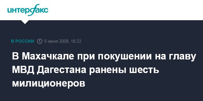 Москва. 5 июня. INTERFAX.RU - В пресс-службе УВД Махачкалы сообщили "Интерфаксу", что в больницы города в пятницу было доставлено восемь человек, раненых в результате покушении на министра внутренних дел Дагестана.
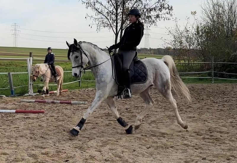 💫 Unique Opportunity 💫 Only if the fit is right, my Caiylani el Zahra will move to a new home — this is definitely not an urgent sale. Caiylani el Zahra Pintabian, 99.22% Porzellanschecke Height: 1.55 m (15.1 hh) Free of CA, SCID & LFS Licensed: ÖAZV, ZFDP, ÖZP & ZSSE HLP Sieger 2021 Stadl-Paura No known health issues Pre-purchase exam available at any time I have spent many years trying to find the right rider for him, someone who can support him in sport and development. Unfortunately, it has never quite worked out. I am a leisure rider myself and cannot fully develop him according to his potential. Since he is just standing around with me, I want to find him a suitable home. Even offering him as a “for use” horse could be an option, provided the conditions are right. Caiylani is an incredibly sweet and well-behaved stallion. Only competition atmosphere stresses him very much, and he would need an experienced handler to help him get accustomed to it. He has been ridden in videos by two children (13 and 18 years old) and, as mentioned, is completely trouble-free. Thanks to his excellent shoulder freedom and natural collection ability, he embodies the ideal Arabian dressage horse. I also see great potential for him in Working Equitation. We have taken him on cross-country courses, and he also shows talent in jumping. He has a big heart and, with a rider he trusts, will go through fire and back. I would also consider selling him as a gelding. The future owner must agree that I can continue to use his training and riding gear for life. I personally bred my stallion. In 2021, he won the HLP in Stadl-Paura with a score of 8.27 and is licensed four times. Recognized for Trakehner breeding and sport pony breeding… I am very proud of him. His outstanding qualities have been proven multiple times and highly praised by those assessing him based on his riding horse points. He covers mares freely on pasture and could run with them year-round. He is very gentle with them. His foals consistently display his Arabian flair, above-average gaits, and correctness. All are very intelligent and affectionate. So far, every one of his offspring has brought great joy. I currently have two at my stable. If you want to give my Caiylani the perfect home, please contact me. A no-obligation meeting is always possible. I am making this decision not based on my heart but purely in the best interest of the horse. We look forward to hearing from you.
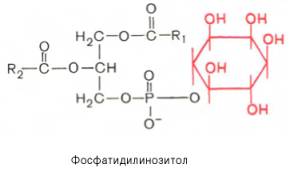 Фосфатидилинозитолы.Эти липиды относятся к группе производных фосфатидной кислоты, но не содержат азота. Радикалом (R3) в этом подклассе глицерофосфолипидов является шестиуглеродный циклический спирт инозитол:
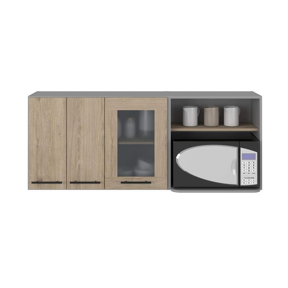 Vetrina in Vetro e Legno di Pino, Montata a Parete, con Doppia Porta per Uso in Cucina
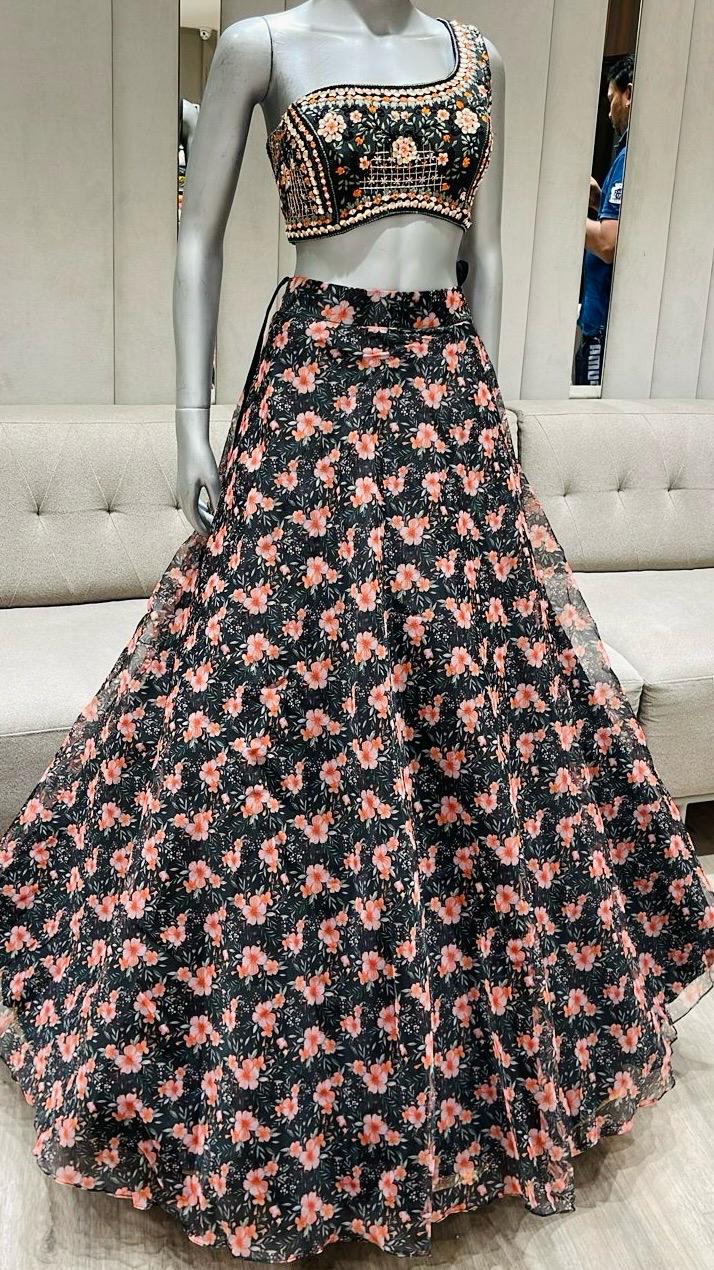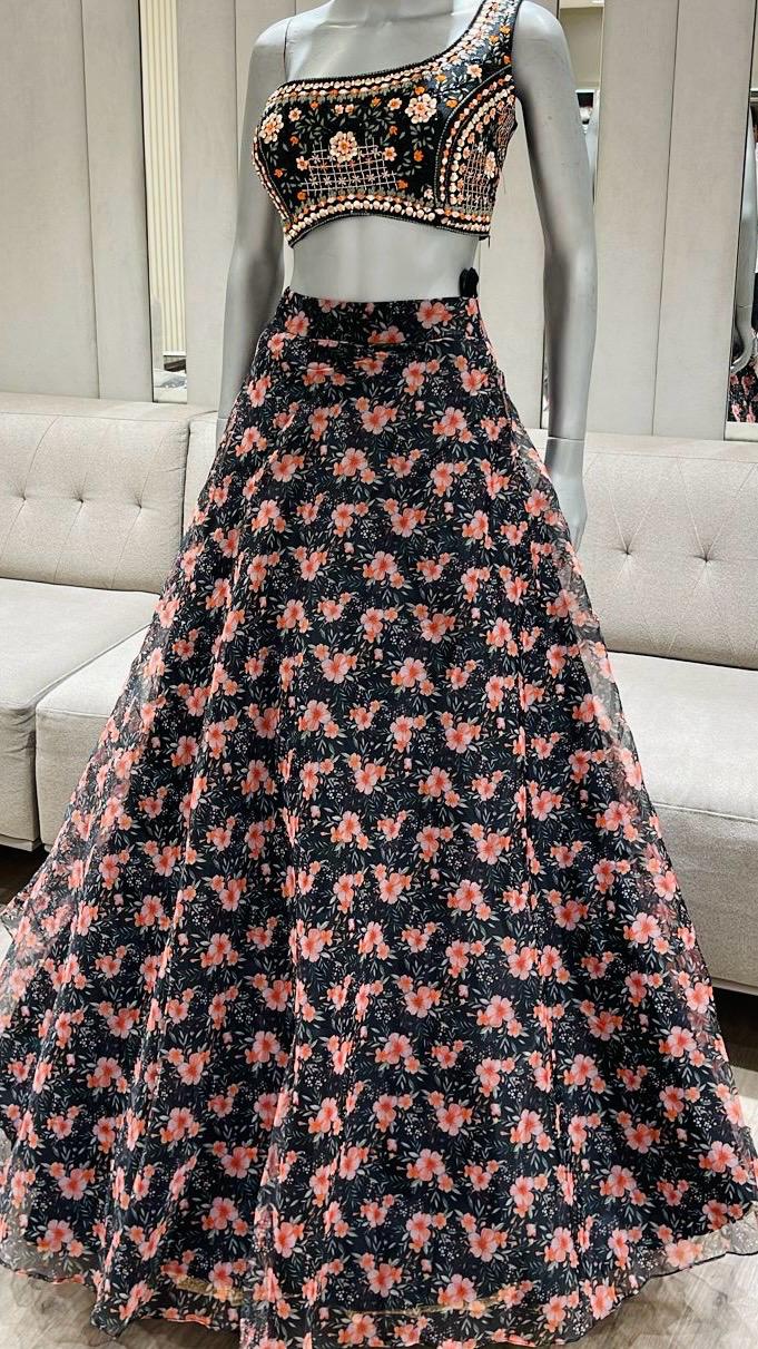 - Boutique Multi Color Hand Embroidered Black Color Crop Top Blouse with Floral Print Lehenga Black Color Lehenga Bottom.

──────────────────────────────

> _Task to carry out_
All lines from the one containing "Фосфатидилинозитолы.Эти липиды относятся" through the end of the data are to be written out exactly, with nothing added; skip the pictures.

> _Result of the task_
 Фосфатидилинозитолы.Эти липиды относятся к группе производных фосфатидной кислоты, но не содержат азота. Радикалом (R3) в этом подклассе глицерофосфолипидов является шестиуглеродный циклический спирт инозитол:
 Vetrina in Vetro e Legno di Pino, Montata a Parete, con Doppia Porta per Uso in Cucina
 - Boutique Multi Color Hand Embroidered Black Color Crop Top Blouse with Floral Print Lehenga Black Color Lehenga Bottom.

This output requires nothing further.